Specify device to use as primary on Raid1 array re-sync

Nicolas Brisac <nico@xxxxxxxxxxx> · Thu, 5 Feb 2009 17:42:35 +1100 (EST)

Hi everyone,

we have several servers running OpenVZ virtual machines.
We are trying to put in place a system that allows us to "migrate" virtual machines from one host to another quickly and easily, to perform maintenance on a host for example.

To achieve this, we decided to export an LVM slice over ISCSI from one host and raid it (Raid1) with a local LVM slice on the host that is running the virtual machine (each VM has its own LVM slice).
We are using an internal bitmap in the Raid1 arrays to speed the re-sync up.
This works fine and we are able to:

  - stop the VM on the primary host
  - stop the array on the primary host and logout the ISCSI target
  - assemble a degraded array on the failover host with the LVM slice that was exported over ISCSI
  - start the VM on the failover host without any data loss

we are using a degraded array on the failover host rather than mounting the LVM slice directly, so that the bitmap gets updated.

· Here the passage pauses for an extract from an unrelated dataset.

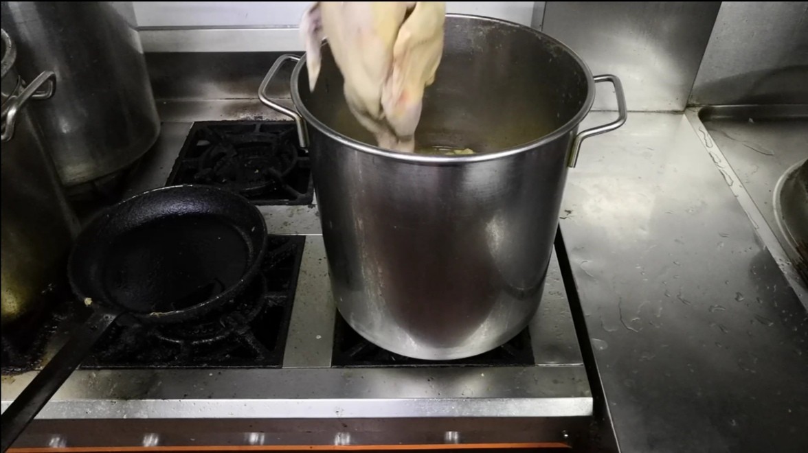 2. 东安鸡的制作是由煮鸡开始,先给鸡的内脏全部掏净,在鸡腿连接鸡爪的关节处划一刀(不划断),放入加了黄姜的汤桶中大火烧开,然后关火浸泡8分钟左右。

The problem occurs when doing the opposite steps:
If we assemble a degraded array on the primary host with the ISCSI target only, we can see the latest data fine.
But as soon as we re-add the local LVM slice to the array, the data that are used are those from before the fail-over (from the local LVM slice).

I would have assumed that, as the bitmap on the remote (ISCSI) LVM slice had been updated and was the more recent, it would be used as the "primary" device in the re-sync process.

The only way we have found so far to access the latest data is to zero-out the local LVM slice superblock or remove its bitmap.
Both solutions have the same result: a complete re-sync.
However, some of the VM are more than 100G big and therefore the re-sync takes way too long.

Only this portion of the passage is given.